While I’d be fine using either Gmail or Inbox in Chrome, I appreciate the added Mailplane features that give it a Mac flair. It’s a win-win that has kept me loyal to the app even as I’ve tinkered with other Mac-based email clients over the years. Mailplane’s enhancements to Gmail’s stock Web-based features are great, too.
Mailplane isn’t for everyone or even every Gmail user. Some people don’t like the standard Gmail or Inbox Web interfaces, or prefer working in a native email client once they have plugged in the right Gmail settings. But if you’re a Mac user, and you’ve used Gmail or Inbox in a Web browser, I encourage you to give Mailplane a try— there’s a two-week free trial.
The app can also be a nice fit in companies, nonprofits, government agencies, and educational institutions that have deployed Google services—including Gmail and Google Calendar—but limited them to Web-based access rather than allowing their use in Apple’s Mail and other desktop applications. That’s true at my day job, for instance, but Mailplane works just fine.

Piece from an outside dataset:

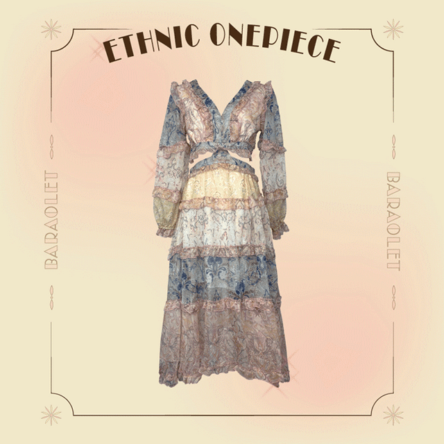 바라올렛의 [러블리·빈티지] 보헤미안 에스닉 패턴 쉬폰 맥시 트임 캉캉 원피스 상품입니다. 현재 가격은 47,400원입니다.

My use of Mailplane 4 has been marred by a few minor quirks. It sometimes forgets its user-set window proportions. And certain Google features, such as setting the density of message lists, have worked inconsistently for me in Mailplane while functioning reliably in Chrome and other stock browsers.
Does Mailplane App Access Mac Contacts Free
But, overall, Mailplane 4 is a solid upgrade. As always, Mailplane straddles the Web and desktop worlds, filling a need that neither stock browsers nor native mail clients can fully satisfy.